# [Exercise brief]
For the records below, please print exactly and only the lines from the one with "东南网2月2日讯(李景锋 王亮 特约记者" down to the one with "Θήκη Nokia 3.4", both ends included, omitting the pictures.
Dataset content Block Start
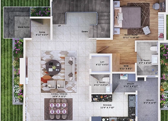 Choose from 6 distinct row villa configurations, each designed to balance spacious living areas, privacy, and effortless functionality.
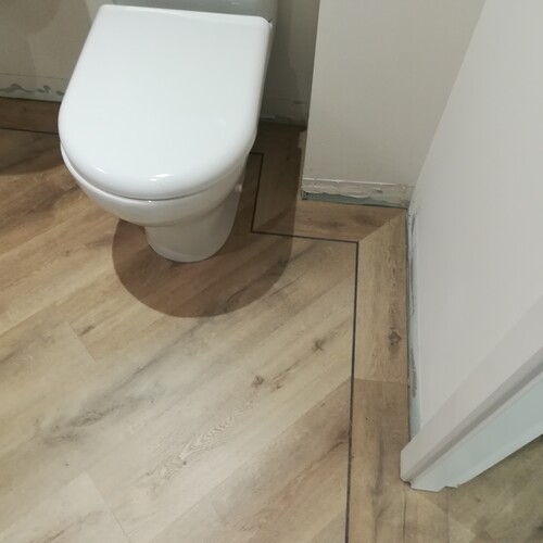 Private residence in Durham. With the toilet it was decided to leave the skirting boards on remove the toilet fit the laminate and refit the toilet. Then fit beading around the perimeter.
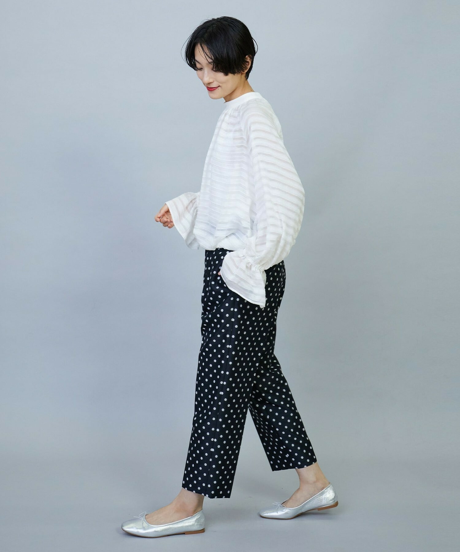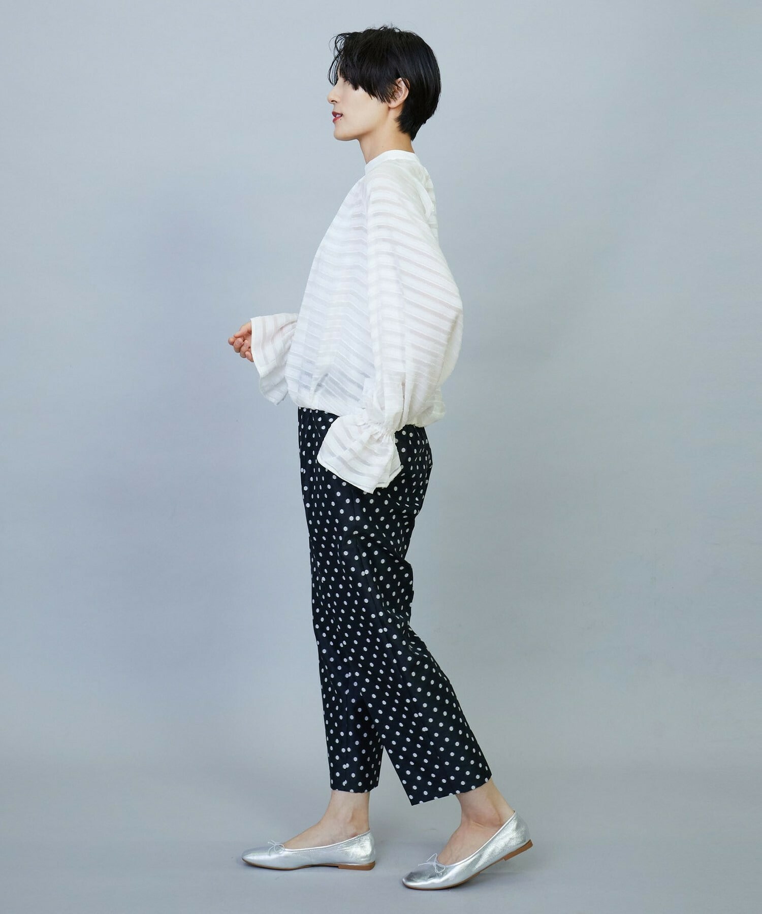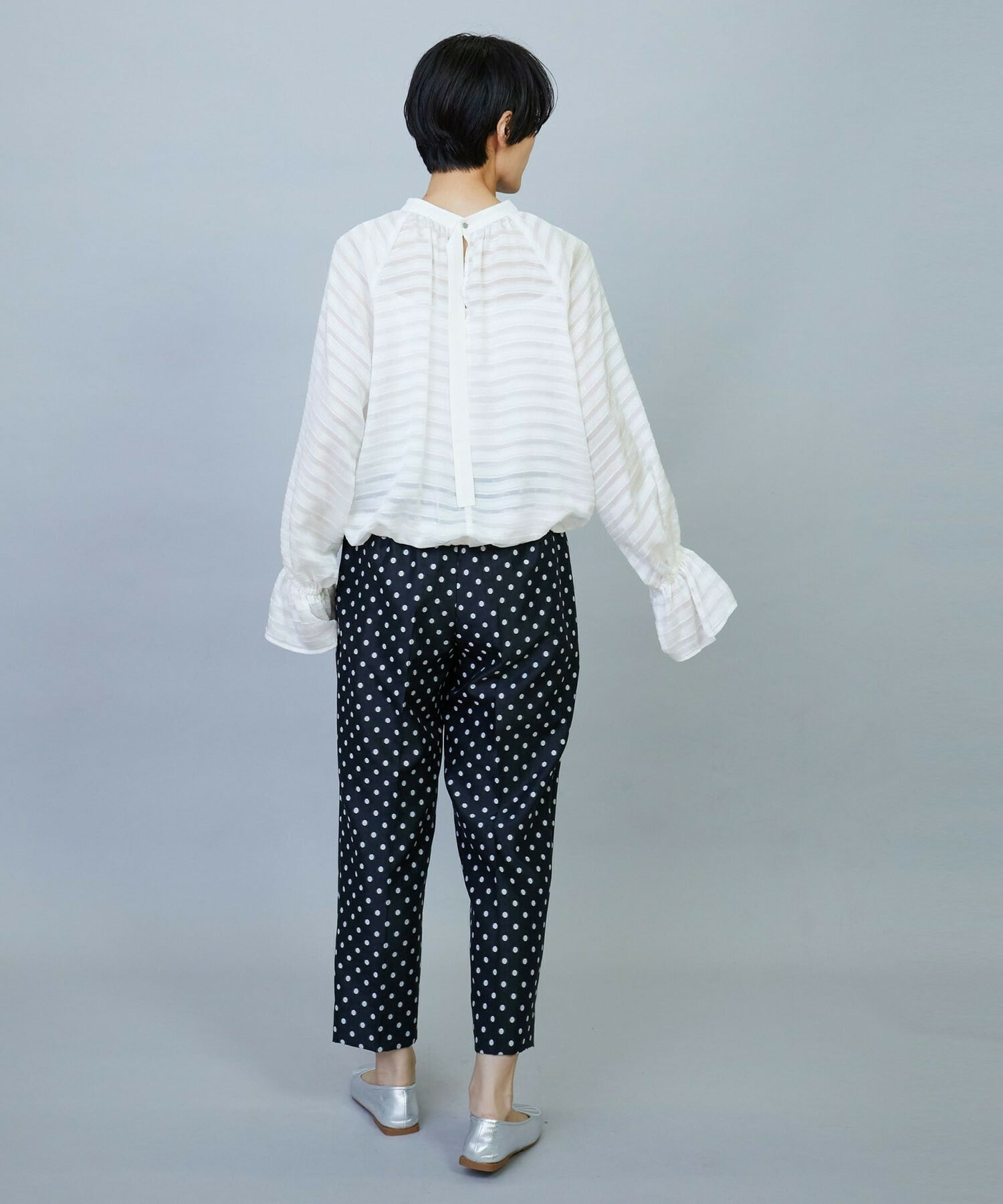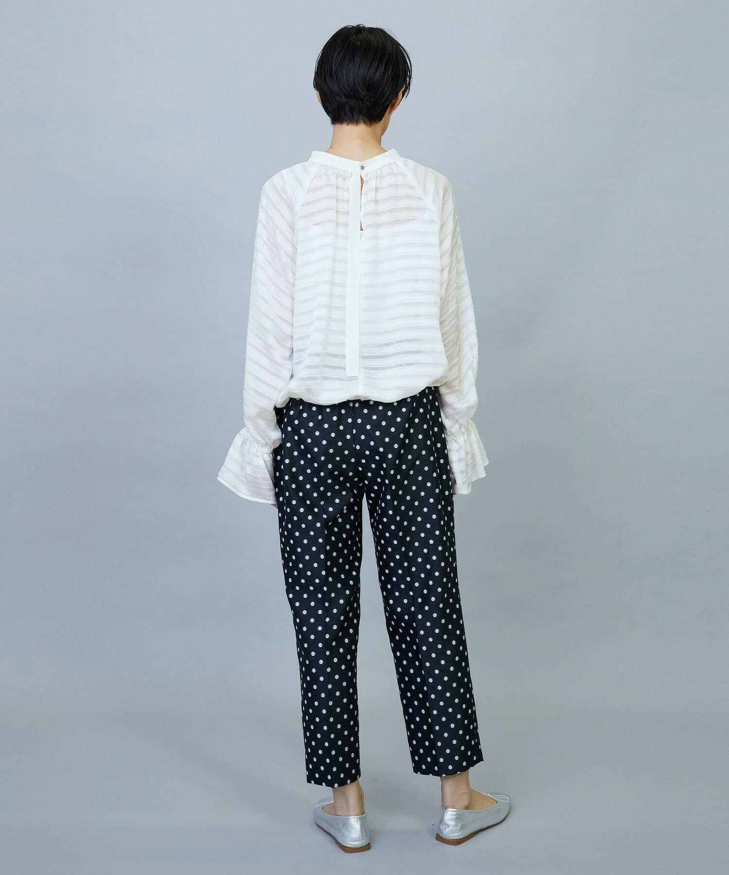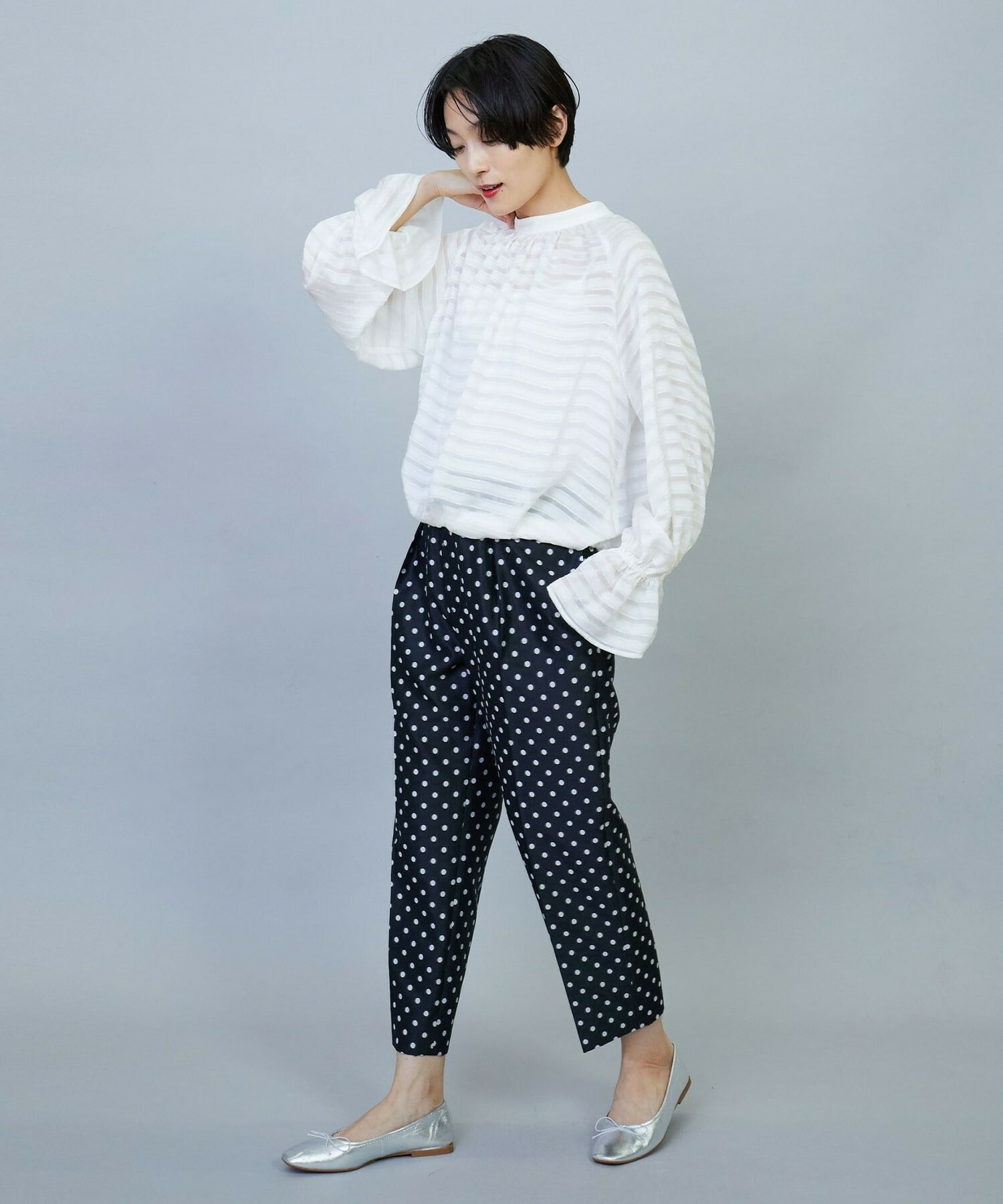 【Lサイズ】トリアセハイテンションショート丈ブラウス
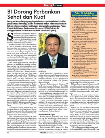56 BERITAINDONESIA, 2 November 2006BERITA EKONOMIBI Dorong PerbankanSehat dan KuatDengan tetap berpegang teguh kepada prinsip kehati-hatian(prudential banking), Bank Indonesia untuk kedua kali dalamtahun ini menelurkan kebijakan bernada kelonggaran. PadaPaket Kebijakan Perbankan Oktober 2006 (Pakto), BImengeluarkan 14 Peraturan Bank Indonesia (PBI).ebelumnya pada Paket KebijakanJanuari 2006 (Pakjan) BI menyeragamkan klasifikasi untuk penurunan bobot risiko kreditUMKM, dan perhitungan aktiva tertimbang menurut Resiko (ATMR).Relaksasi terbaru kali ini dimaksudkanBI untuk semakin mendorong fungsiintermediasi perbankan, serta menciptakan industri perbankan yang sehatdan kuat. Rendahnya ekspansi kreditsejak awal 2006 merupakan alasan laindari BI. Kelonggaran diberikan setelahsebelumnya didahului dengan melakukansimulasi, dan semuanya tidak keluar darikoridor kehati-hatian.Yang menarik dalam Pakto 2006, limadiantara ke-14 PBI menyangkut perbankan syariah. Hal ini menimbulkan optimisme, perbankan syariah diperkirakanakan mengalami booming kedua (secondpeak up) di tahun 2007 , seperti di tahun2004, setelah selama 2005 dan 2006berjalan agak mandeg. Dua PBI lainnyaterkait dengan bank umum, empat PBIterkait BPR, dan tiga PBI sesuai visiArsitektur Perbankan Indonesia (API).Gubernur Bank Indonesia BurhanuddinAbdullah yang mengumumkan Pakto2006 di Jakarta, Kamis (5/10), mengatakan dengan relaksasi industri perbankansudah saatnya berupaya mengoptimalkanfungsinya dalam menyalurkan pembiayaan kepada sektor riil, dan mengurangipenyaluran dana ke instrumen keuangan.Terkait dengan bank umum, kali ini BImemberikan kelonggaran baru perihalketentuan batas maksimum pemberiankredit (BMPK). Kelonggaran sebelumnyapernah diberikan pada PBI No. 7/3/PBI/2005.“Pelonggaran BMPK ini mencakup halhal yang sangat signifikan untuk memberikan ruang gerak dan keleluasaan bagiperbankan dalam menyalurkan pembiayaan,” kata Burhanuddin.Pada ketentuan terbaru, Pakto BI mendefinisikan ulang pengertian pihak-pihakyang terkait dengan bank. Yang dimaksudpihak terkait adalah, badan usaha yang50% atau lebih komisaris dan direksinya,juga menjadi komisaris, direksi, dan ataupejabat eksekutif pada perusahaan yangbertindak sebagai pengendali perusahaananak bank.Pihak terkait juga menyangkut perusahaan lain yang ada hubungan keluarga,hingga derajat kedua, baik horizontalmaupun vertikal, dengan pengendalibank, komisaris, direksi, dan pejabateksekutif bank.Sukatmo Padmosukarso, Direktur PTBank Internasional Indonesia Tbk (BII)menjawab pertanyaan Berita Indonesiamengatakan, pihaknya masih mempelajari detil ke-14 paket kebijakan terbaru BI.Tentang PBI yang mengatur single presence policy, misalnya, Sukatmo mengatakan tidak ada yang mengejutkan karenasudah disosialisasikan dengan baik.“Cuma kita harus menunggu aturandetilnya PBI mengenai related party dangovernance, cukup maju, dan perubahannya dari aturan sebelumnya telahcukup menampung aspirasi perbankan.Yang lainnya masih kami pelajari dulu”jelas Sukatmo Padmosukarso.Insentif Bank MergerKhusus kepada bank-bank yang inginmerger, BI memberikan kelonggaransementara atas kewajiban pemenuhangiro wajib minimum (GWM) dalam rupiah, dan perpanjangan jangka waktupenyelesaian pelampauan BMPK.Pelonggaran GWM hanya 1%, danbersifat sementara, selama 12 bulan.Jangka waktu pelampauan BMPK akibatmerger diberikan selama 24 bulan.BI juga akan mengganti sebagian (50%)biaya konsultan dari pelaksanaan duedeligence untuk bank yang merger. Nilaipenggantian maksimum Rp 1 miliar, bilamelebihi ditanggung sendiri oleh banknya.Insentif lain, BI memberikan kemudahan pemberian izin menjadi bankdevisa, dan kemudahan dalam pemberianizin pembukaan kantor cabang. Insentifperpajakan untuk saat ini masih dalampembahasan antara BI dengan pemerintah.Dalam hal lain BI akan memberikanperlakuan khusus terhadap kredit didaerah tertentu yang terkena bencanaalam. Dan tentang bank perkreditanrakyat (BPR), BI akan menyempurnakanperhitungan modal BPR sesuai best practice permodalan bank, baik itu modal intimaupun modal pelengkap. BI juga menurunkan bobot resiko kredit usaha mikrodan kecil, kredit kepada pensiunan, danpembiayaan perumahan (KPR).“PBI ini akan memberikan ruang gerak lebih besar bagi BPR,” urai Gubernur BI. HTSPaket 14 KebijakanPerbankan Oktober 2006Lima PBI Terkait Perbankan Syariahfl PBI tentang Penyesuaian ketentuan penilaiankualitas aktiva bank umum berdasarkan syariah.fl PBI tentang Perubahan ketentuan tentangperhitungan financing deposit ratio (FDR)dalam giro wajib minimum.fl PBI tentang Perubahan ketentuan permodalan (KPMM) BPRS.fl PBI tentang Perubahan kualitas aktiva BPRS.fl PBI tentang Relaksasi pengembangan usahadan jangkauan kantor BPRS.Dua PBI Terkait Bank Umumfl PBI tentang Ketentuan batas maksimumpemberian kredit (BMPK) bank umum.fl PBI tentang Landasan atas perlakuan khususbidang perbankan bagi nasabah-nasabahbank di daerah bencana.Empat PBI Terkait BPRfl PBI tentang Perubahan ketentuan permodalan BPR, antara lain mengubah bobotresiko kredit dalam perhitungan ATMR.fl PBI tentang Ketentuan tentang kualitas aktivaproduktif dan penyisihan penghapusan aktivaproduktif (KAP/PPAP).fl PBI tentang Perubahan laporan keuangan tahunan dan laporan keuangan publikasi BPR.fl PBI tentang Pengaturan kelembagaan BPR,seperti syarat pembukaan kantor cabang danrelaksasi kualifikasi calon direktur.Tiga PBI Sesuai Visi APIfl PBI tentang Kebijakan kepemilikian tunggal(single presence policy/SPP).fl PBI tentang Insentif kepada bank-bank yangmelakukan merger.fl PBI tentang Penyempurnaan ketentuan goodcorporate governance (GCG).Sukatmo Padmosukarso.
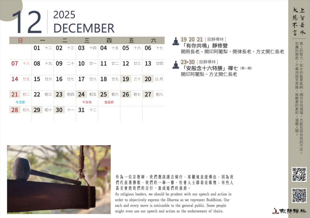 作為一位宗教師,我們應該謹言慎行,客觀地表達佛法,因為我們代表著佛教,我們的一舉一動,社會人士都看在眼裡;有些人甚至會把我們的言行,當成他們的後盾。──寂靜禪林方丈開仁長老開示
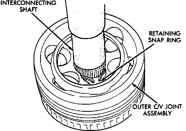 4. Spread retaining ring and slide CV joint assembly off interconnecting shaft.
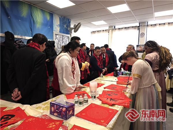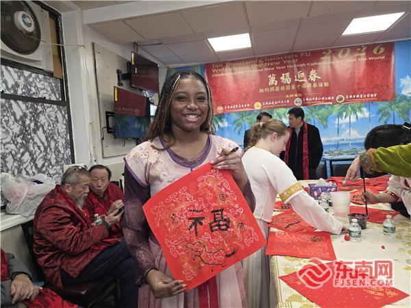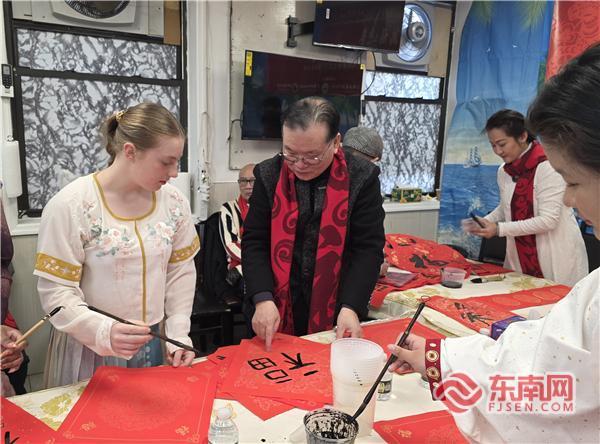 东南网2月2日讯(李景锋 王亮 特约记者 纽约墨人)红纸铺展,墨香飘溢。当地时间2月1日,纽约唐人街洋溢着浓厚的农历新年氛围。在“万福迎春·共庆新年”纽约闽籍侨团第十届挥春活动中,多位美国青年格外引人瞩目,他们手握毛笔,俯身案前,在书法家的细致指导下,兴致勃勃地临摹着汉字的结构与韵味,从握笔姿势到运笔力度,一笔一划认真书写着“福”字与春联,体验中国书法艺术的独特魅力。
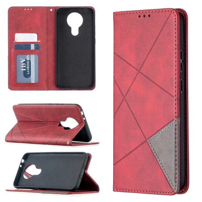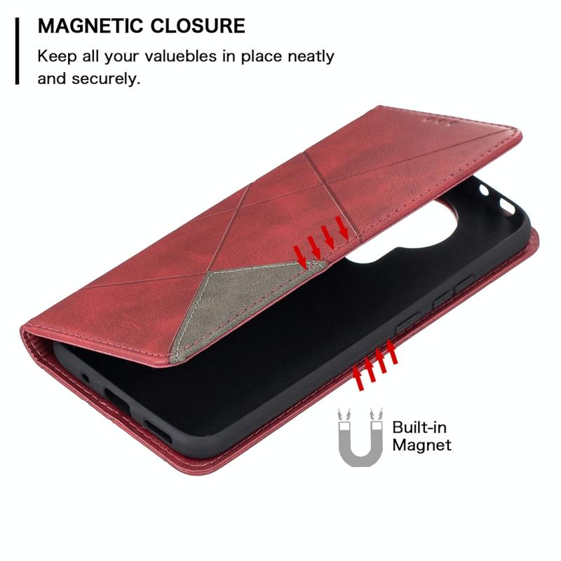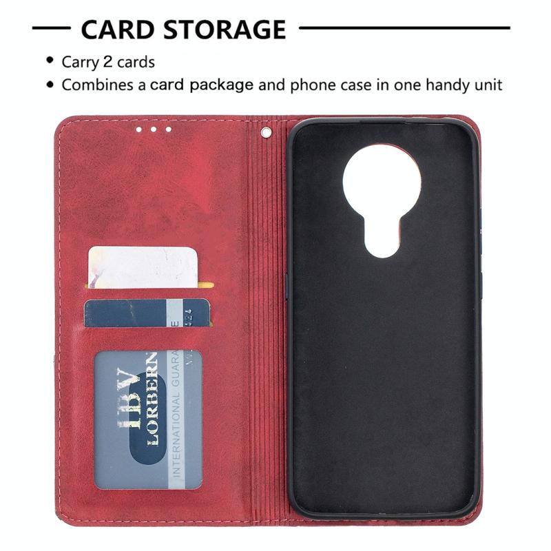 Θήκη Nokia 3.4 με Δέρμα, Μαγνητικό Κλείσιμο, Υποδοχές Καρτών & Στήριξη (Κόκκινο)
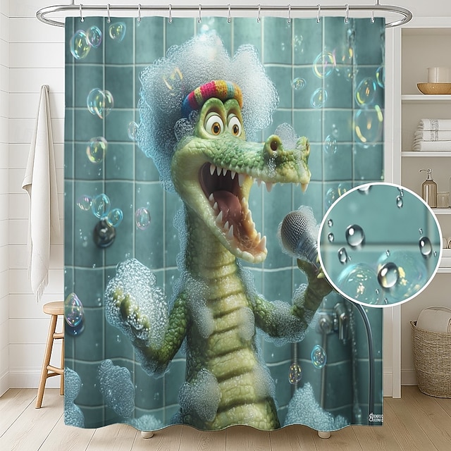 Занавеска для душа с крючками 180 см*180 см (70"*70") Полиэстер washable водонепроницаемая рисунок в ванной комнате декор для ванной с животными крокодил#11935469
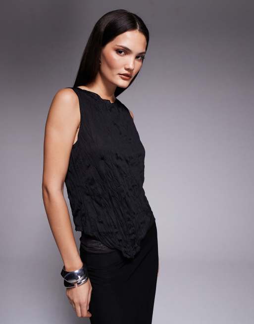 ASOS DESIGN asymmetric sheer crinkle tank top in black
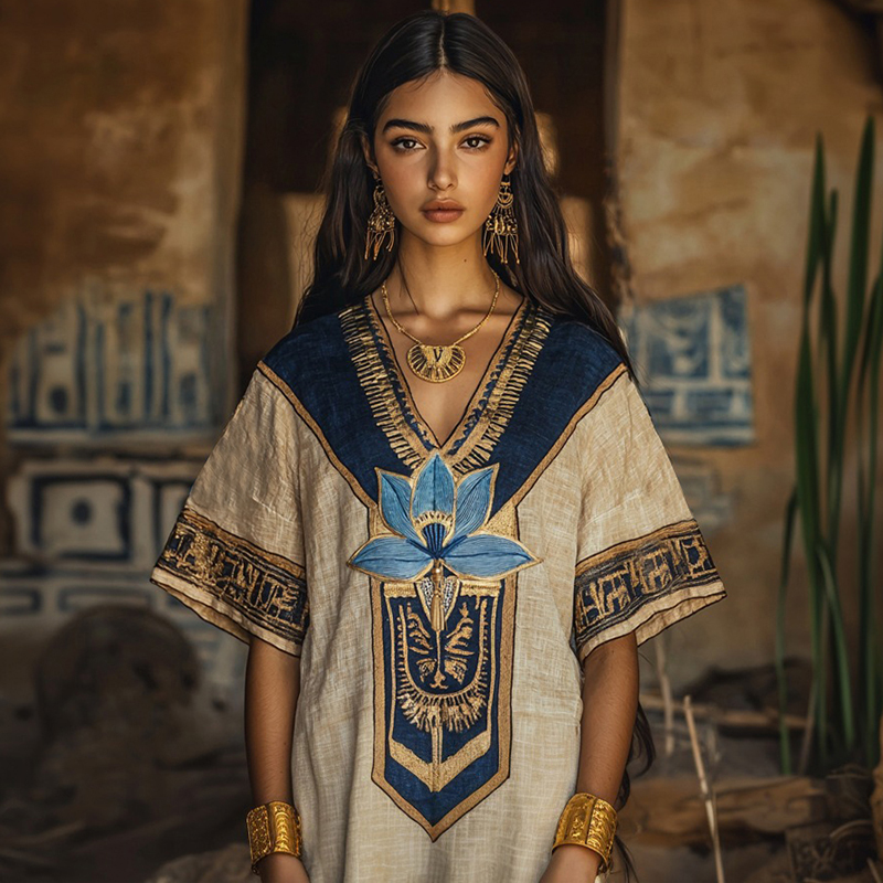 Vintage Egyptian Lotus Embroidery Three-quarter Sleeves T-shirt
Dataset content Block End
# [Expected answer]
 东南网2月2日讯(李景锋 王亮 特约记者 纽约墨人)红纸铺展,墨香飘溢。当地时间2月1日,纽约唐人街洋溢着浓厚的农历新年氛围。在“万福迎春·共庆新年”纽约闽籍侨团第十届挥春活动中,多位美国青年格外引人瞩目,他们手握毛笔,俯身案前,在书法家的细致指导下,兴致勃勃地临摹着汉字的结构与韵味,从握笔姿势到运笔力度,一笔一划认真书写着“福”字与春联,体验中国书法艺术的独特魅力。
 Θήκη Nokia 3.4 με Δέρμα, Μαγνητικό Κλείσιμο, Υποδοχές Καρτών & Στήριξη (Κόκκινο)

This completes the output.